Professor Tommy Williams lives alone in his family mansion, and since it's been a while since those air spirits and corpse-stuffed furniture, let's make the house scary.  For a moment, Lowry thinks that "The mansion seemed to repel him as he stared at it, for the two gable windows were uncommonly like a pince-nez sitting upon the nose of a moldering judge," and he nearly considers walking away.  But then he thinks about his old friend and realizes he's being silly.

And maybe I was wrong about Hubbard identifying more with Professor Lowry, given the glowing description of Professor Tommy that follows.

But if [Lowry] had come out of his boyhood with a shy reticence, Tommy had chosen another lane, for Tommy Williams was the joy of his students and the campus; he had traveled much in the old countries and therefore brought to this place an air of the cosmopolitan, a gay disregard for convention and frumpy thought.  Tommy Williams loved to dabble with the exotic and fringe the forbidden, to drink special teas with weird foreign names and read cabalistic books; he told fortunes out of crystal balls at the charity affairs and loved to eye his client afterward with a sly, sideways look as though outwardly this must all be in fun, but inwardly - inwardly, mightn't it be true?  Tommy was all laughter, froth and lightness, with London styles and Parisian wit, a man too clever to have any enemies - or very many friends.

Wait, no.  Hubbard got involved with sex magic and occultism around 1945-46, over a decade after dropping out of college, and several years after publishing Fear.  Hmm.  Is this an homage to someone Hubbard knew?  His idea of a cool college professor?  

At any rate, that's Tommy, acting borderline mystical to mess with the establishment.  And somehow Lowry's the one who gets fired for causing a scandal, from writing a single newspaper article, instead of spending years playing heathen parlor tricks on the university's patrons.  Ah, but that's right, Jebson had a jealous grudge or something.

After another attempt to inject a creepy mood into the story, involving dead leaves "making a dry and crackly music of their own" as they skitter into the shadows, Lowry knocks on the door, reminding himself that his chills are due to malaria and still trying to shake off the sensation that he's late for an appointment.  When there's no answer, he pushes the door open - nobody around here locks their doors, it's a sleepy college town - and Lowry goes inside.  He thinks he hears a rat upstairs, and proceeds to the living room, where he finds his friend Tommy, sprawled on the couch as if dead!

He's not, of course, but weren't you scared for a moment?

Tommy wakes up, greets his friend, invites him to warm himself by the fire since Lowry's already let himself inside, even offers him a drink.  Lowry takes a moment to admire his friend's artfully disarrayed black hair, slender build, and winsome features, concluding "with a sudden clarity" that Tommy is "pretty."  It's 1940, though, so we aren't allowed to read into this.

Instead he brings up the article, and Jebson's reaction to it.  Tommy complains that the board would never allow it, Lowry replies that Jebson controls the board, Tommy demands that Lowry go "straighten this thing out," but we're told after a brief page break that eventually the two trail off as the hopelessness of the situation settles on them.

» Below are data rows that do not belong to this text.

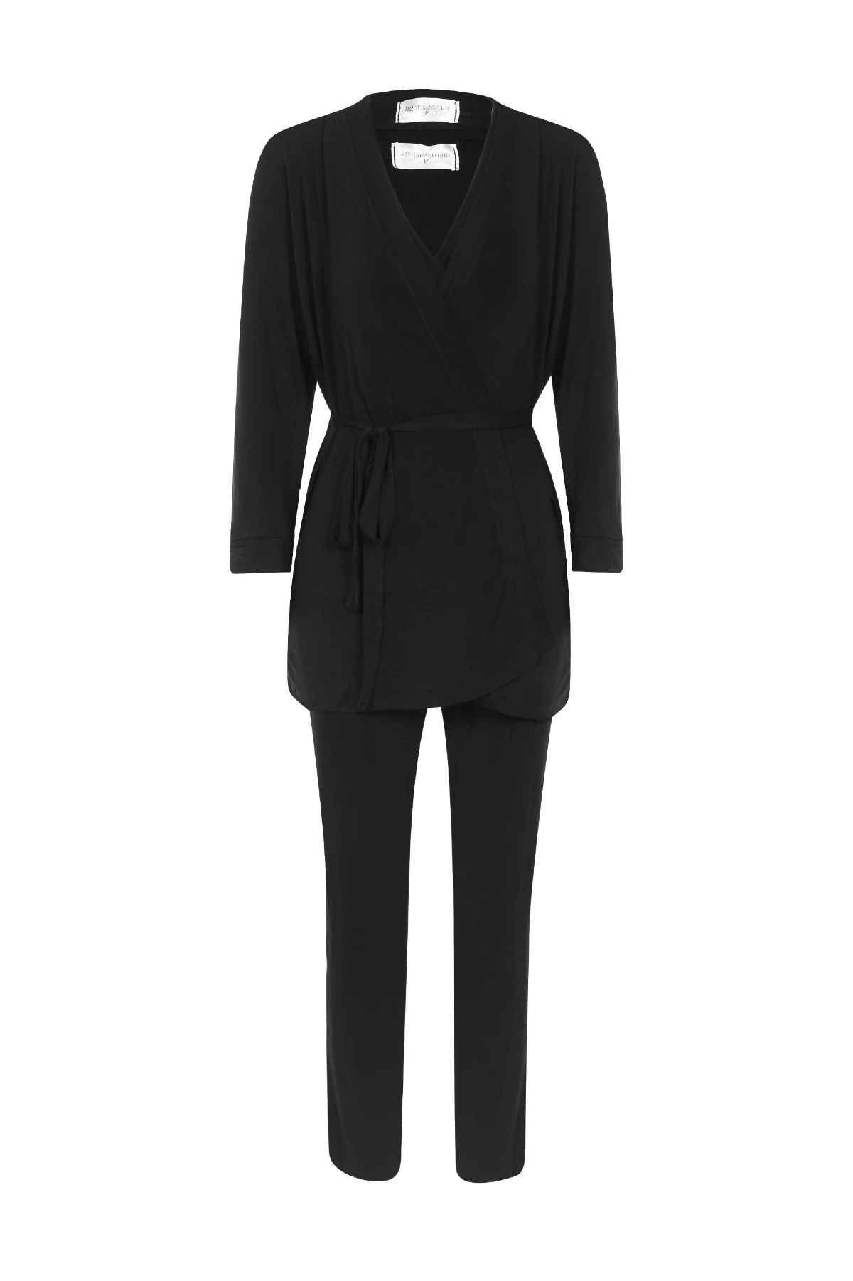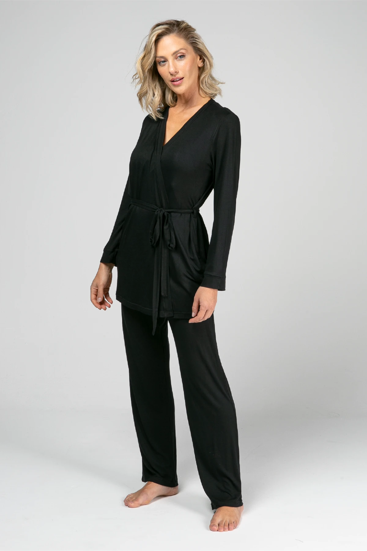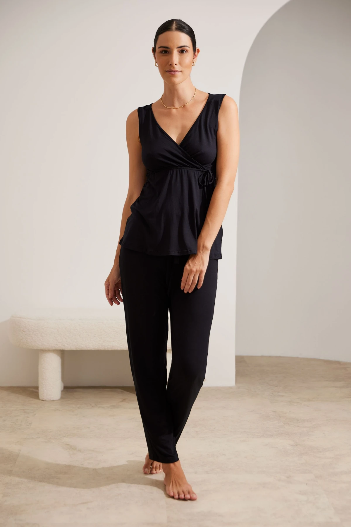 Pijama maternidade em 3 peças: regata transpassada, calça regulável e robe na altura do quadril.
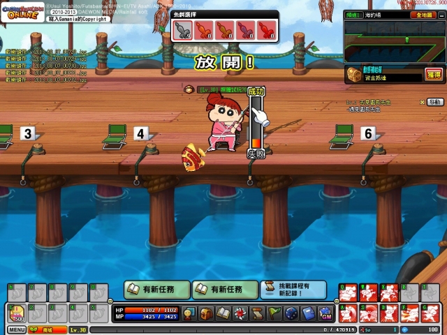 遊戲同時還有釣魚的小遊戲,玩家只要購買釣竿與魚餌裝備後就可以前往海釣場釣魚。在釣魚時,只要按照畫面指示操控滑鼠或是左右搖晃,就可順利釣起魚或蝦等,隨著釣竿與魚餌的不同,所釣的魚也會有所不同。而釣魚的成果將可讓玩家去換取 Buff 道具,以便未來在關卡中使用。
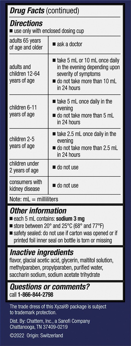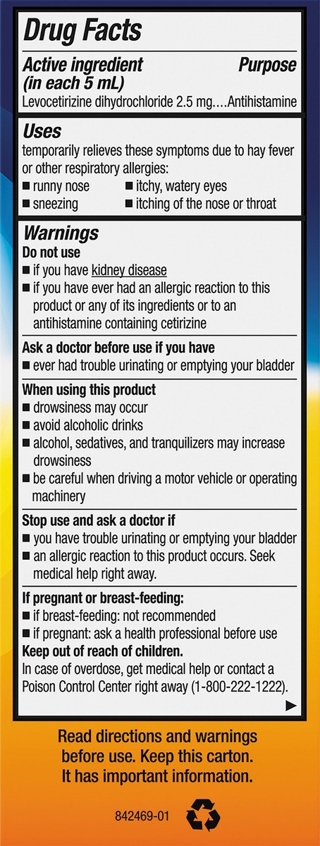 In Each 5 mL: Active Ingredients: Levocetirizine Dihydrochloride (2.5 mg), Antihistamine. Inactive Ingredients: Flavor, Glacial Acetic Acid, Glycerin, Maltitol Solution, Methylparaben, Propylparaben, …
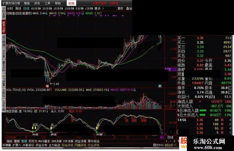 经测试绝密顶底综合胜率 47.47% ,虽高于抄底买入指标综合胜率 47.43%,但综合收益率 2.36%,低于抄底买入综合收益率 5.02% .是目前自编指标中胜率也比较高的一个了。

Tommy finally announces that Lowry's article has caught up with him, and figures out his main problem - Lowry is under the delusion that the world is a good place, as "a sort of mechanical reaction by which you like to forget all the ghastly things the world has done to you," which is why he gets blindsided by people like Jebson.  Tommy, on the other hand, is wise enough to be cynical enough to be bored with evil, because he expects it, and therefore delighted with good, which always comes as a pleasant surprise.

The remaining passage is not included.